# Stored items from a collection
*** Begin section ***

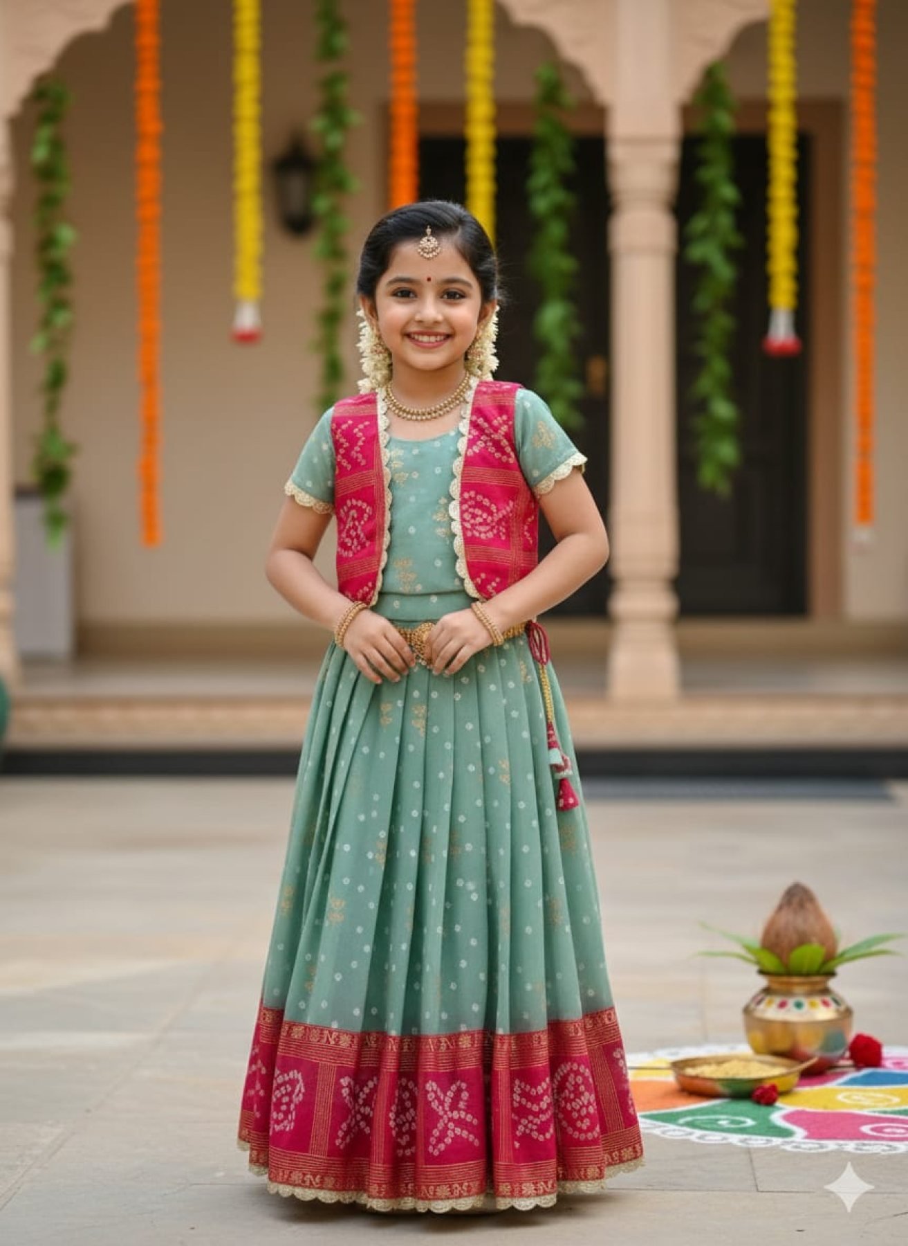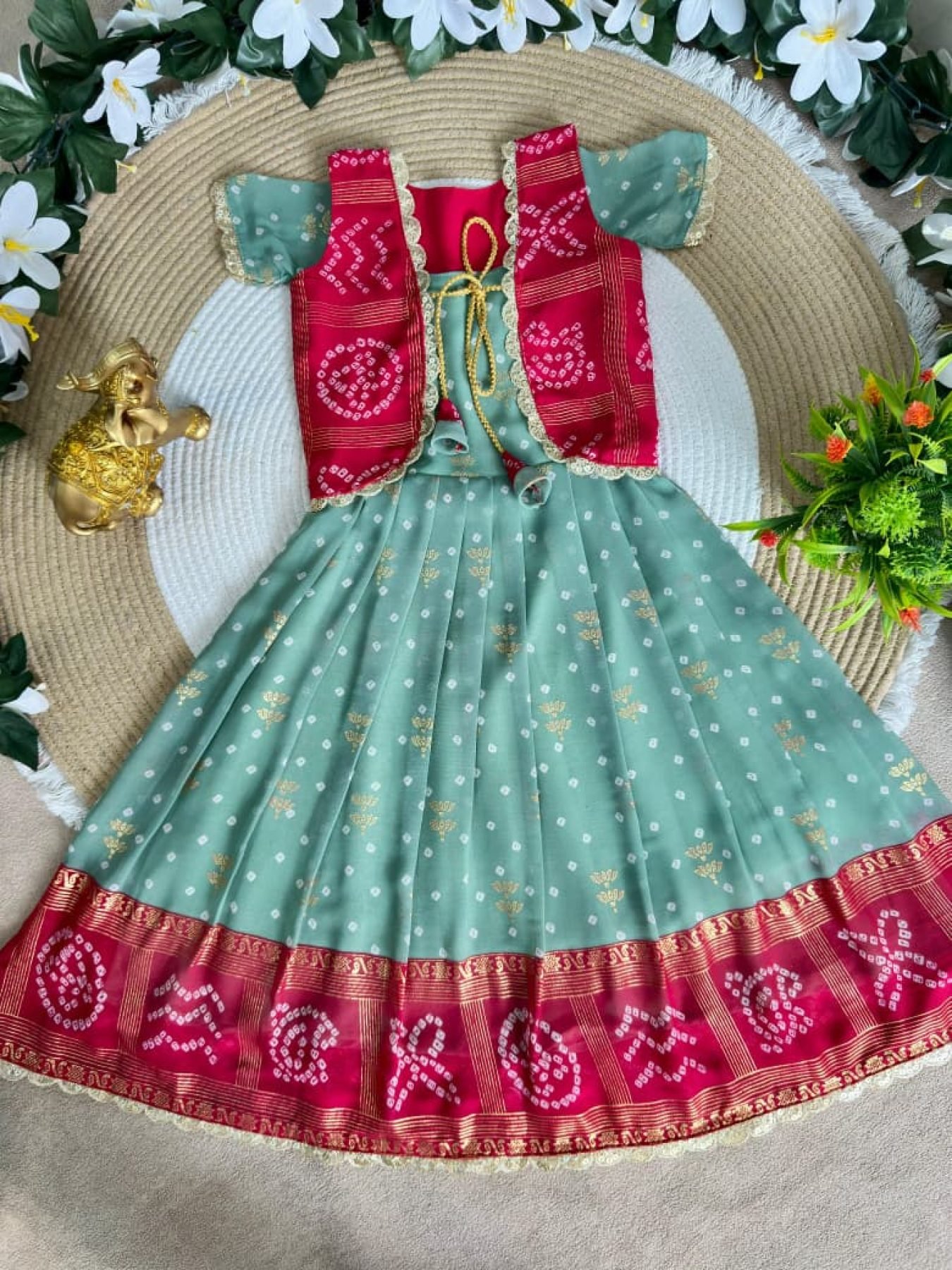 Beautiful Bandhani silk kids outfit featuring foil print work, available in gown with coat or lehenga choli with dupatta option. Designed for festive and traditional occasions with comfort and style.
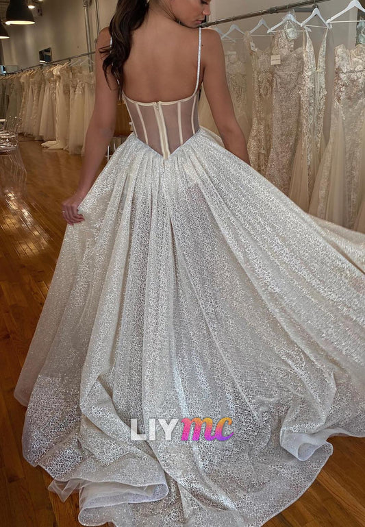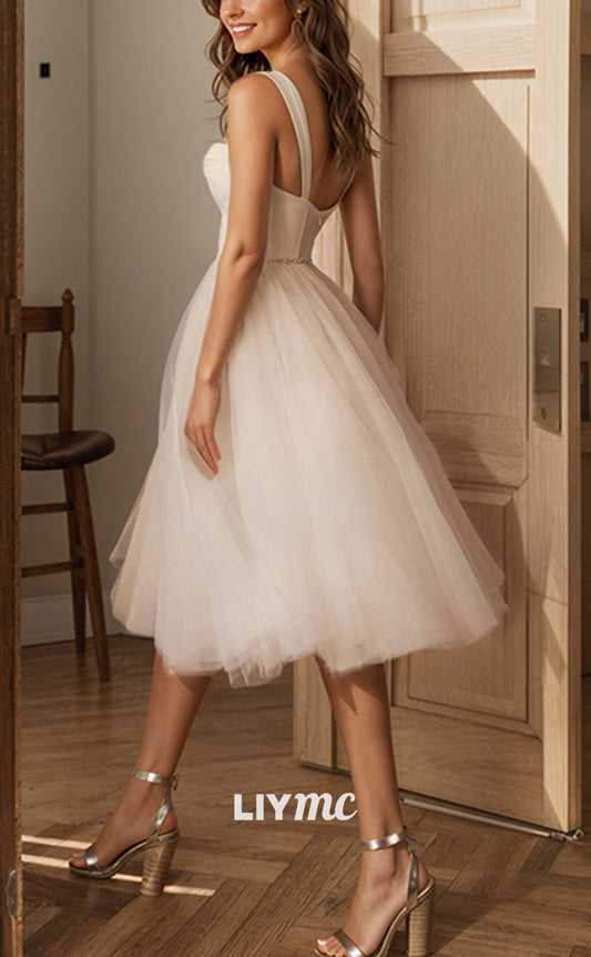 LW946 - Sweetheart Straps Sleeveless A-Line Tulle Beach Wedding Dress
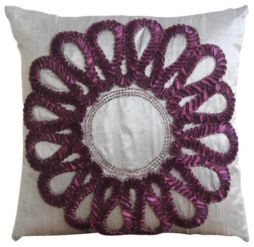 We All Blossom is a contemporary euro sham designed with some exclusive detailing. The design on the euro sham represents a flower and is made from ruffled ribbons and seed beads. You can buy this designer piece in 8 sizes ranging from 12x12 inches to 26x26 inches and 3 lustrous shades. | This decorative euro sham is made from rich, high-quality art silk, ribbons, and seed beads. Perfect for modern, transitional, and traditional décors, the decorative euro sham can suit glam-inspired homes as well. It is 100% handmade in India by professional artisans and comes with a hidden flap covered zipper for ease of use. |
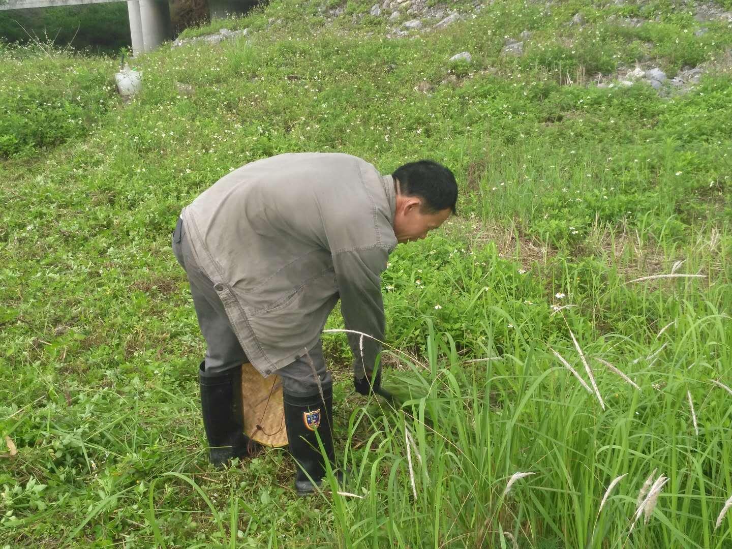 4月28日10时,正值阴天是除杂草的最好时机。莫师傅在使用除草机作业,梁师傅用镰刀在乱石堆上除草。靠近梁师傅,汗水湿透的他没停下手上活,一边介绍说,除草机也有10多斤重,背起来,手持电动刀一左一右地摇摆作业,开始是轻松,但作业久而久之也腰酸背痛的,必须轮换作业。有些地不平的、有石头的地方只能用老办法镰刀来付杂草。
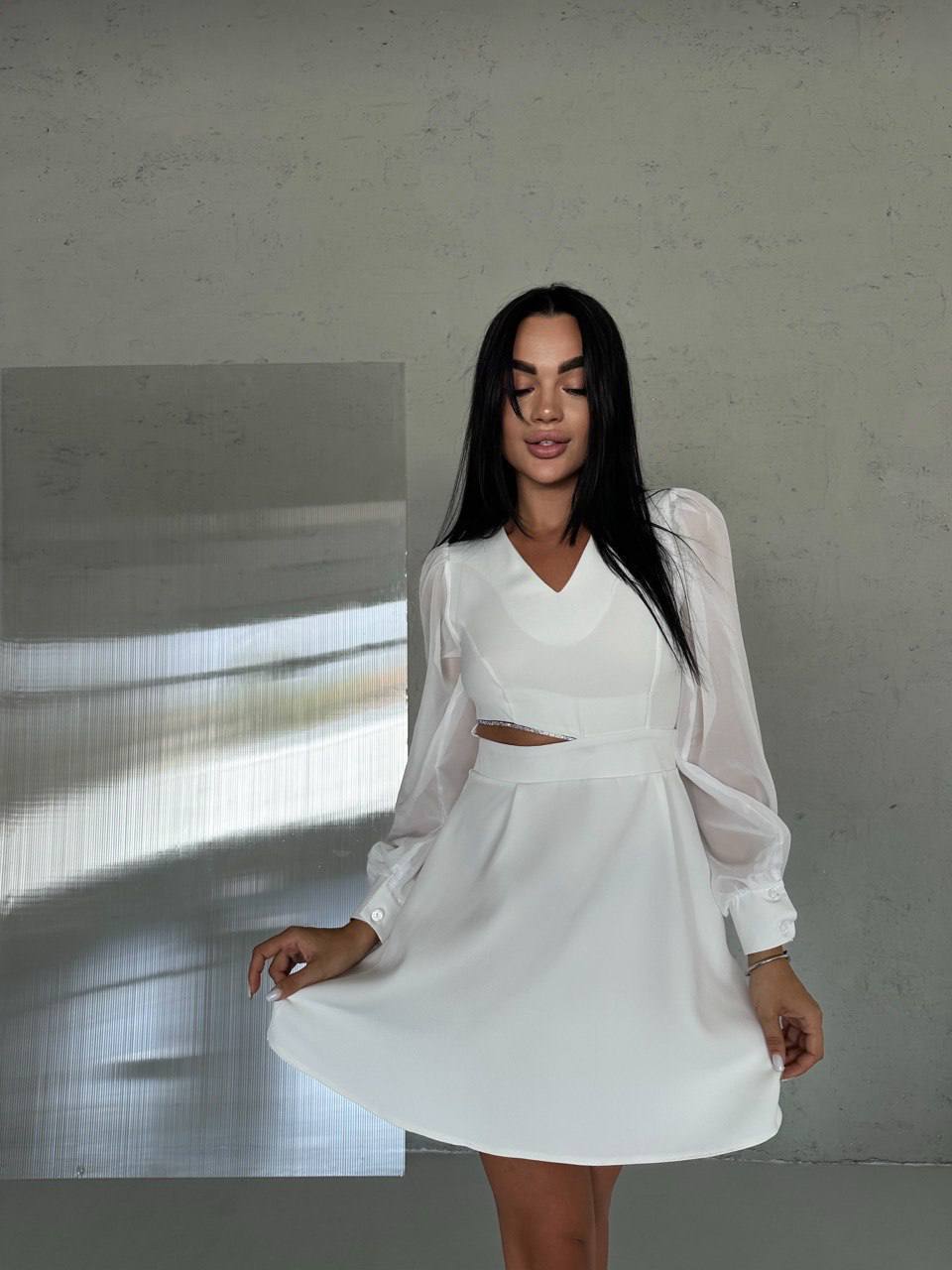 Платье с ассиметричным вырезом и шифоновыми рукавами – это прекрасный выбор для женщин, которые любят изысканность. Лёгкий шифон добавляет воздушности и очарования, а выразительный вырез акцентирует вашу индивидуальность и хороший вкус.

*** End section ***

# Description of the task
Starting with the line that holds "4月28日10时,正值阴天是", return each line exactly through the final line of the entries above; pictures are not part of the output.

# Expected answer
 4月28日10时,正值阴天是除杂草的最好时机。莫师傅在使用除草机作业,梁师傅用镰刀在乱石堆上除草。靠近梁师傅,汗水湿透的他没停下手上活,一边介绍说,除草机也有10多斤重,背起来,手持电动刀一左一右地摇摆作业,开始是轻松,但作业久而久之也腰酸背痛的,必须轮换作业。有些地不平的、有石头的地方只能用老办法镰刀来付杂草。
 Платье с ассиметричным вырезом и шифоновыми рукавами – это прекрасный выбор для женщин, которые любят изысканность. Лёгкий шифон добавляет воздушности и очарования, а выразительный вырез акцентирует вашу индивидуальность и хороший вкус.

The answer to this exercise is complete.